I dunno, I was able to cobble together a timeseries forecast API using the plummer and forecast packages in an afternoon that a product team was then able to work against to create demos for customers. Yeah, they’d probably eventually want to rewrite the API to be “production ready.” But on the other hand, for prototyping and getting to show something real to prospective customers? Pure dynamite.

Even then, if the stats being done in the background were hard to reimplement, I suppose plummer & R could still work with the right cloud / load balancing infra. Might end up being more expensive than it needs to be in the final iteration, but in the meantime money could be flowing in and customers gettin’ happy.

The big pluses are the huge range of libraries that make developing analyses easier, faster, and more reproducible. Python has some fine libraries, but its leagues behind whats available in R.

I use R like I use bash for neuroimgaing analysis: I utilize a whole lot of powerful/specialized command line executables (e.g. R lmer|e.g. neurogimaging AFNI) the outputs and inputs of which I link together into a pipeline using R/Bash utilities.

admittedly there are tools like nipype that use pythonto create an interface for those different neuroimaging tools, but most of the time bash scripting works perfectly reasonably for this.

The article makes mention that FastR supports GraalVM's polyglot mechanism. One possible option for your task is you do your data analysis with FastR and render it with Node on Graal.js or Sinatra on TruffleRuby. At first blush this might not sound all that different from CGI of yore, but the key thing is all Truffle-based languages can optimize with one another. So, when your web server endpoint gets hot, Truffle's PE can inline nodes from FastR and JIT the whole thing with Graal.

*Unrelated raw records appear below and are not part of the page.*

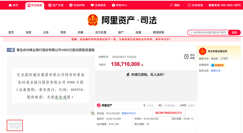9月27日,阿里司法拍卖网显示,巴龙国际建设集团有限公司(下称巴龙国际建设)持有的青岛农村商业银行股份有限公司(下称青农商行,002958)4900万无限售流通股在该平台拍卖,起拍价约1.37亿元。该场拍卖共1449次围观,40人设置提醒,却无人报名。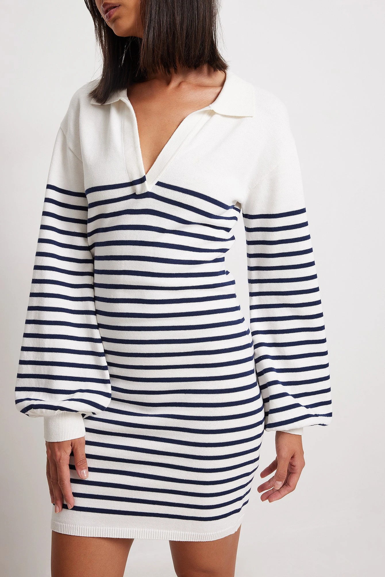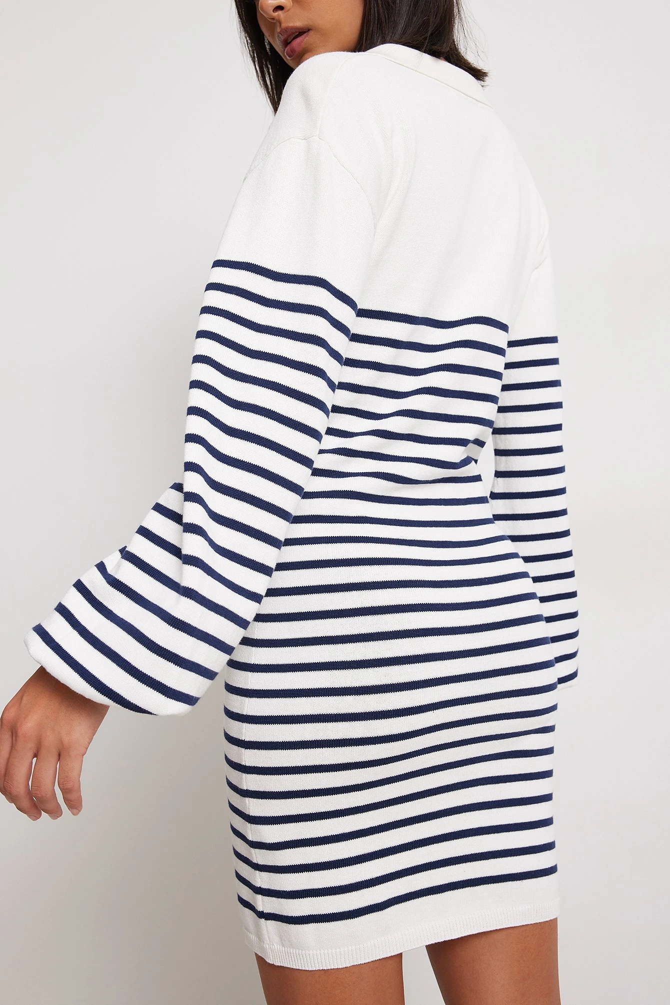 Cette robe a un col, des manches longues avec revers côtelés et un ourlet à nervures.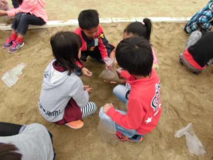袋の中に砂を入れて1kgの重さを作りました。量感を大事にしながら,砂を入れていました。1kgは思ったよりもたくさん砂が必要だとわかりました。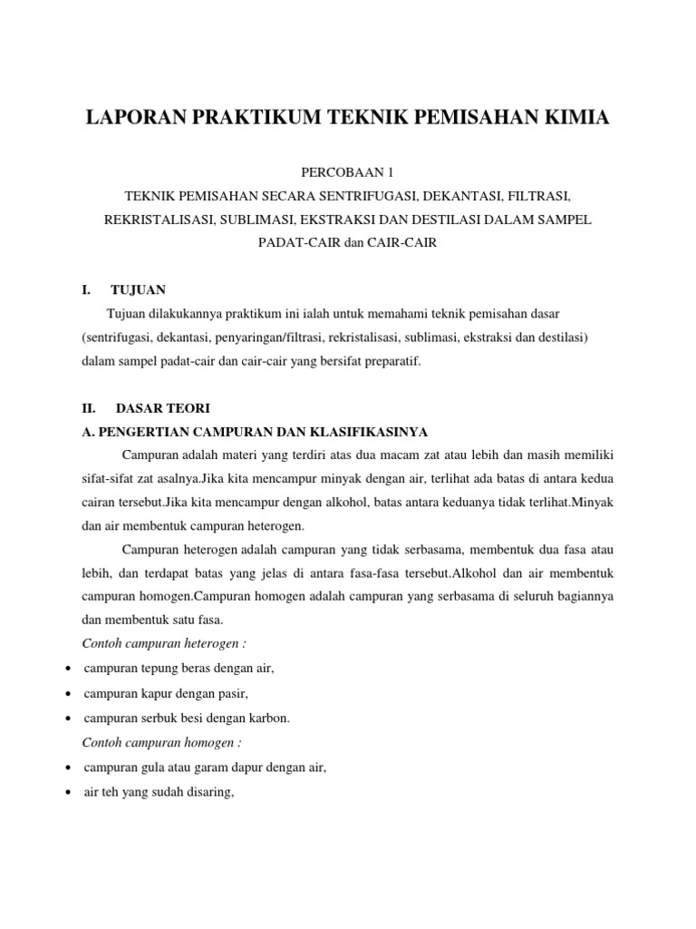 Doc Teknik Pemisahan Secara Sentrifugasi Dekantasi Filtrasi Rekristalisasi Dan Destilasi Dalam Sampel Padat Cair Dan Cair Cair Nuroida Ulfa Academia Edu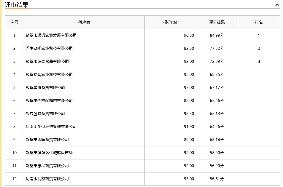 | *.专家评审结果信息告知:第一中标候选人:鹤壁市颂枫农业发展有限公司(报价:**.**%,得分:**.**分);第二中标候选人:河南菜妞农业科技有限公司(报价:**.**%,得分:**.**分);第三中标候选人:鹤壁市织豪食品有限公司(报价:**.**%,得分:**.**分)。 其他供应商报价和得分详见附件所示。 *.采购人依法确定第一中标候选人为本项目中标人,各有关当事人对成交结果有异议的,可以在成交公告期限结束后七个工作日内,以书面形式提出,质疑内容符合《政府采购质疑和投诉办法》(中华人民共和国财政部令第**号令)要求。逾期未提交或未按照要求提交的质疑函将不予受理。 *.投标供应商有政府采购合同融资意向的,请登录鹤壁市政府采购网进行融资意向登记,或者在“通知公告”栏目中获取融资渠道及联系方式。 | |||||||||||||||||||||||||||||||
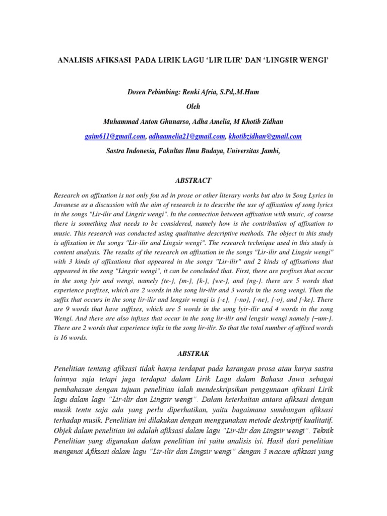 Jurnal Analisis Bahasa Jawa Dalam Lagu Lir Ilir Linguistic Typology Indonesia Lagu Mp3 Selamat Ulang Tahun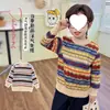 Cárdigan de punto con rayas de contraste estilo coreano para niños, otoño e invierno, suéter grueso y cálido para niños, chaqueta con cuello alto para niñas, moderna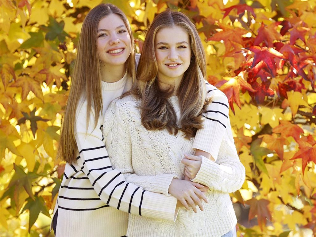 Sobre un fondo repleto de hojas amarillas y rojizas propias del otoño, las hermanas derrochan cercanía y cariño, presumiendo de su belleza natural con looks informales acordes a su edad; así, mientras Leonor luce unos vaqueros y un jersey de ochos en color crema, Sofía se decanta por pantalones negros y suéter de rayas marineras. Si en algo coinciden las hermanas es en sus largas melenas sueltas, aunque la Princesa apuesta por unas ondas abiertas para dar volumen a su pelo, y la Infanta prefiere llevarlo totalmente liso.

You get to use the best language for the task at hand and don't have to worry about performance penalties for doing so.

In answer to your question -- my sense is that you can spin up super nice dashboards using shiny, and those will be opinionated HTTP interfaces. If you want to combine the flexibility of a bonafide web framework, and R shiny dashboards, you're going to have a rough time. R shiny itself has a pretty rough HTTP implementation built in.

So I'd say the answer is yes, and you'll have a good time as long you only need the HTTP interface to do certain things (responsive dashboards; and do them well!).

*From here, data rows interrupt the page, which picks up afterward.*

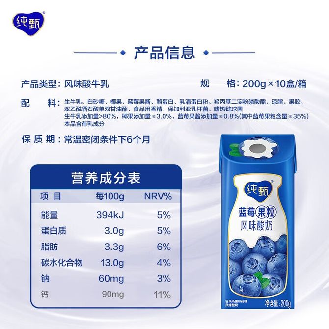 蒙牛 (新鲜日期)纯甄蓝莓果粒风味酸奶200g*10盒 送礼盒装 北美蓝莓果粒 蒙牛(新鲜日期)纯甄蓝莓果粒风味酸奶200g*10盒 送礼盒装 兑换价格 2100 里程 会员卡别 终身白金卡 白金卡 金卡 银卡 普通卡 儿童卡 服务 由 苏发食品商城 发货并提供售后 规格: 礼盒 购买数量: 件 库存件 配送地址: 立即购买 加入购物车 成功添加到购物车 关闭 购物车共有 种商品 总金额为: 组合销售 产品介绍 产品规格 售后服务 产品咨询 发现好货 蒙牛 特仑苏纯牛奶苗条装250ml×12盒 2900 里程 三元 经典小方白全脂纯牛奶250ml*24盒牛奶 整箱 3400 里程 伊利金典纯牛奶250ml*12盒整箱 2200 里程 伊利 金典纯牛奶整箱 250ml*12盒 3.6g乳蛋白 原生高钙 礼盒装 1800 里程 特仑苏 新日期纯牛奶250ml*12盒 3.6g乳蛋白 礼盒装 京东/顺丰发货 2400 里程
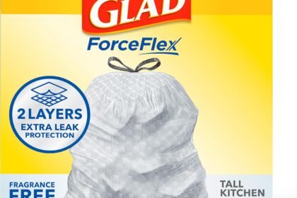 Price: (as of – Details) Glad ForceFlex Fragrance Free Drawstring Tall Kitchen Trash Bags are designed with ForceFlex technology to give extra flex, letting you pack in the trash. Tough and resi...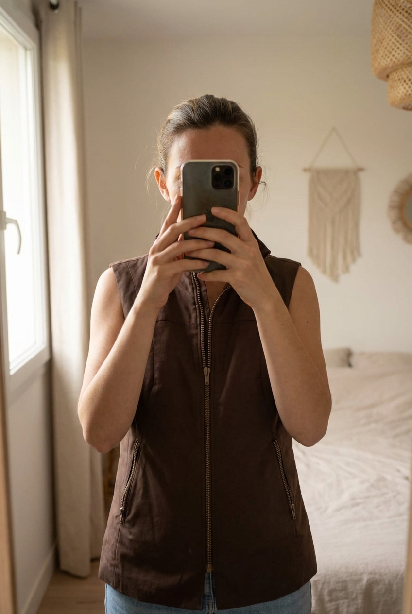 Veste sans manches chaude Nuni - Neuve de pie, mirando a la cámara, en un dormitorio con luz suave y natural filtrándose por la ventana.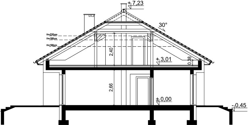 • Ściany zewnętrzne dwuwarstwowe z betonu komórkowego 24cm + 20cm styropianu.

Webserver implementations exist in R, but don't have near the time / attention put into them as with Python.

Yes, R has the now-RStudio-supported plumber package (https://github.com/trestletech/plumber), roughly flask for R.

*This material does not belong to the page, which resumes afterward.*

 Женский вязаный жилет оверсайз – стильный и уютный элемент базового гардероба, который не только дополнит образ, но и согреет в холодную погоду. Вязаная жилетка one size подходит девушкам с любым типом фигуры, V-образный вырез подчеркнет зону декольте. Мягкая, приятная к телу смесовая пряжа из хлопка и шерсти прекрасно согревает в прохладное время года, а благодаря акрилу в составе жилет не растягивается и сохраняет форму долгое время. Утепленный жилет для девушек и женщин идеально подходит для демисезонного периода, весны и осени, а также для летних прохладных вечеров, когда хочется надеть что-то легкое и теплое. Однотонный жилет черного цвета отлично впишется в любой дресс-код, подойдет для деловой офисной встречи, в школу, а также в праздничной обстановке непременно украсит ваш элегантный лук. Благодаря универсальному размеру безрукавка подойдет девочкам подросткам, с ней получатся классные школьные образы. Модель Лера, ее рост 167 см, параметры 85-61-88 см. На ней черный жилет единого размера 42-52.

There's also opencpu (https://github.com/opencpu/opencpu), though the pros/cons of one vs the other has never been clear to me.

> roughly flask for R

Unfortunately, not even close to flask. Plumber doesn't even handle concurrency...


FWIW this is on their roadmap, using the future-backed promises package which also powerw async in shiny: https://github.com/trestletech/plumber/pull/248

That's fair--I'm definitely looking forward to when it's added, since it will make putting up quick prototypes with R very convenient!

I've used plumber, and it's pretty easy to get started, though doesn't feel very polished. Handling multipart form data took some hackarounds with the underlying "Rook" package.

I'm curious to see how https://github.com/thomasp85/fiery performs and if anyone has used that. May be higher performance than plumber (re: concurrency) because I get the sense from the docs that it's closer to libuv.

Shameless plug:

Doing something like that is definitely possible, all the parts are there and work well. Shiny gives you a lot out of the box, is great for prototyping and can be customized. I’ve been working on a less opionated package that isn’t ready for anything but gives an idea of what would be possible:


IIs there any information about how Graal+FastR are right now with respect to memory usage and warmup speeds? Are these benchmarks for total wall time or just the post-warmup speed?

There is a plot of warm-up curves for this specific example. Search for "To make the analysis of that benchmark complete, here is a plot with warm-up curves".

However, it is true that the warm-up and memory usage are something we need to improve. We're working on providing native image [1] of FastR. With that, both the warm-up and memory usage shold get close to GNU-R.